Einde inhoudsopgave
Wetboek van Burgerlijke Rechtsvordering BES
Artikel 158
Geldend
Geldend vanaf 10-10-2010
- Redactionele toelichting
Tekstplaatsing van het Wetboek van Burgerlijke Rechtsvordering, zoals gewijzigd bij de Aanpassingswet openbare lichamen Bonaire, Sint Eustatius en Saba (17-05-2010, Stb. 350) en de Aanpassingsregeling BES-wetten (28-09-2010, Stcrt. 15040).

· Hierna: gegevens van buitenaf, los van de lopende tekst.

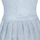 Der Rock ist knieumspielend und besitzt zwei seitliche Nahttaschen – ein funktionales Extra, das sich im Alltag als besonders nützlich erweist, ohne den femininen Look zu beeinträchtigen. Die abnehmbare Schürze aus schimmerndem Satin in der passenden Farbe unterstreicht die Leichtigkeit und Eleganz des Dirndls. Ob klassisch vorne gebunden oder individuell gestylt, sie verleiht dem Outfit einen festlichen Glanz und hebt das Babyblau zusätzlich hervor.

Tijdstip iwtr.: 00.00 uur in Bonaire, Sint Eustatius en Saba. 06.00 uur in het Europese deel van Nederland.
- Bronpublicatie:
22-09-2010, Stb. 2010, 497 (uitgifte: 01-10-2010, kamerstukken/regelingnummer: -)
- Inwerkingtreding
10-10-2010
- Bronpublicatie inwerkingtreding:
30-09-2010, Stb. 2010, 389 (uitgifte: 01-01-2010, kamerstukken/regelingnummer: -)
- Vakgebied(en)
Burgerlijk procesrecht / Algemeen
1.
De rechter hoort ieder van de getuigen buiten tegenwoordigheid van de mede ter terechtzitting verschenen getuigen die nog niet zijn gehoord, voor zover deze laatste getuigen niet tevens partij zijn.
2.
Partijen en hun gemachtigden of raadslieden kunnen aan de getuigen vragen stellen, behoudens de bevoegdheid van de rechter om te beletten dat aan een bepaalde vraag gevolg wordt gegeven. De rechter kan ambtshalve of op verzoek van een der partijen getuigen tegenover elkaar of tegenover partijen of een van hen stellen.
3.
De rechter kan naar aanleiding van de getuigenverklaringen aan de partijen vragen stellen. Indien het betreft het verhoor van een getuige die niet tevens partij is, kunnen ook partijen elkaar zelf of bij monde van hun gemachtigden of raadslieden vragen stellen, behoudens de bevoegdheid van de rechter om te beletten dat aan een bepaalde vraag gevolg wordt gegeven.
4.
De rechter kan uit de op de voet van het derde lid afgelegde verklaringen, uit het niet-verschijnen ter terechtzitting of uit een weigering om te antwoorden of het proces-verbaal te ondertekenen de gevolgtrekkingen maken die hij geraden acht, behoudens hetgeen in artikel 133 is bepaald.